### TO DO:
For this exercise, restate every line below word for word and drop the images.

### INFORMATION SUPPLIED:
"""
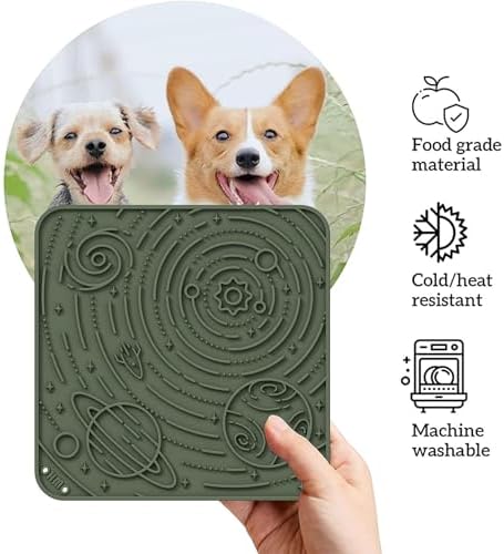 Wide application-7.9″×7.9 ” Versatile and Nourishing Delights – The licking mat proves to be an idyllic platform for a plethora of delectable pet foods, ranging from velvety egg peanut butter and creamy yogurt to luscious pumpkin puree, enticing canned delicacies, and even raw dog food or succulent ground meat. Furthermore, this versatile mat transcends its utilitarian purpose by serving as a captivating element for room decoration.
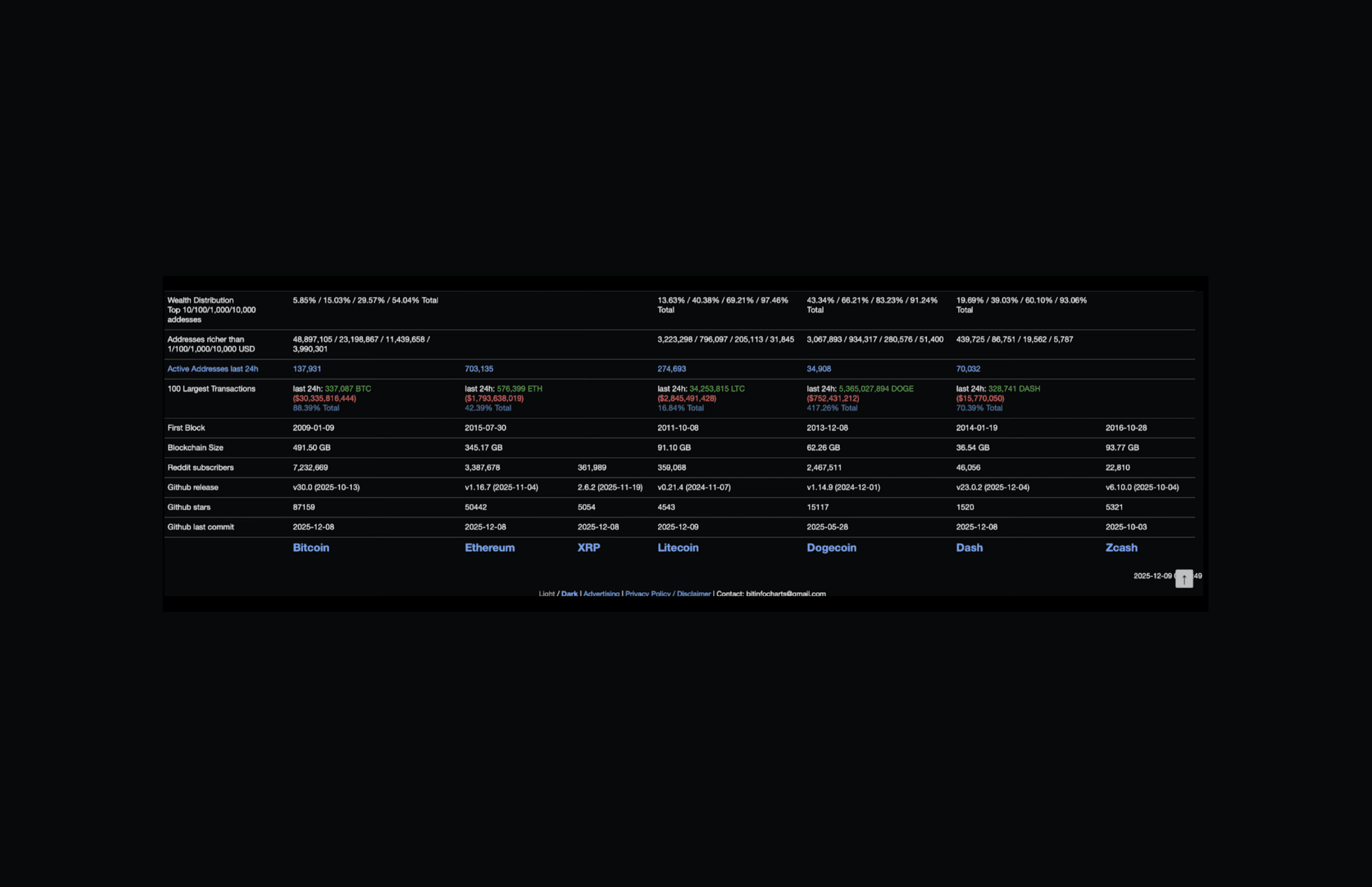 Comparison LTC vs BTC VS Altcoins December 9, 2025
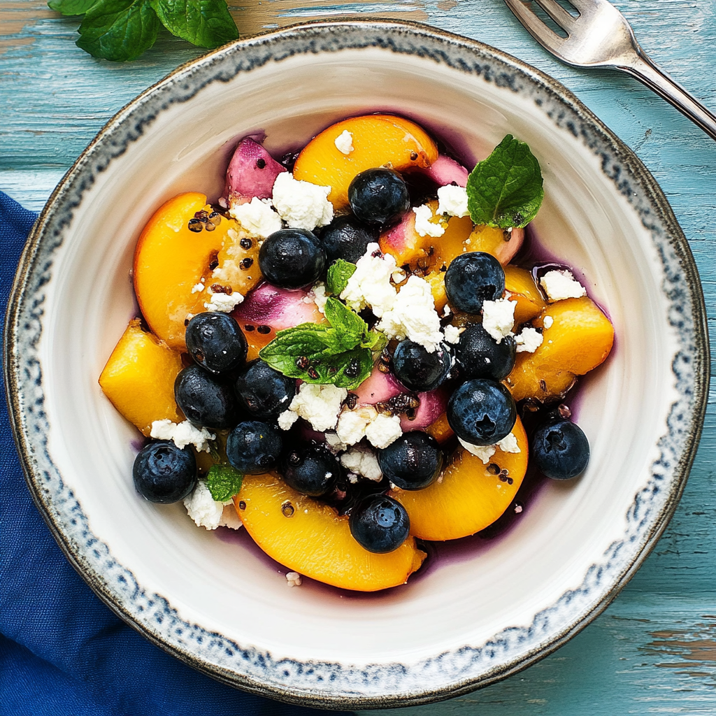 Start by preparing your ingredients—wash those blueberries and peaches, crumble your feta, and toss everything into a bowl. Drizzle with olive oil and balsamic vinegar, then give it a gentle toss. Serve immediately for the freshest taste!
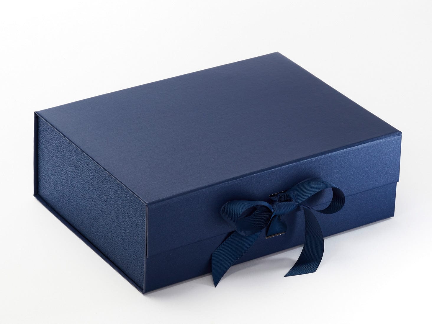 Navy Luxury Tissue Paper and various shades of Navy Ribbon and Decorative Closures are also available to add a beautiful finishing touch to your unique gift packaging solution.
"""
### SOLUTION FOR THIS EXERCISE:
 Wide application-7.9″×7.9 ” Versatile and Nourishing Delights – The licking mat proves to be an idyllic platform for a plethora of delectable pet foods, ranging from velvety egg peanut butter and creamy yogurt to luscious pumpkin puree, enticing canned delicacies, and even raw dog food or succulent ground meat. Furthermore, this versatile mat transcends its utilitarian purpose by serving as a captivating element for room decoration.
 Comparison LTC vs BTC VS Altcoins December 9, 2025
 Start by preparing your ingredients—wash those blueberries and peaches, crumble your feta, and toss everything into a bowl. Drizzle with olive oil and balsamic vinegar, then give it a gentle toss. Serve immediately for the freshest taste!
 Navy Luxury Tissue Paper and various shades of Navy Ribbon and Decorative Closures are also available to add a beautiful finishing touch to your unique gift packaging solution.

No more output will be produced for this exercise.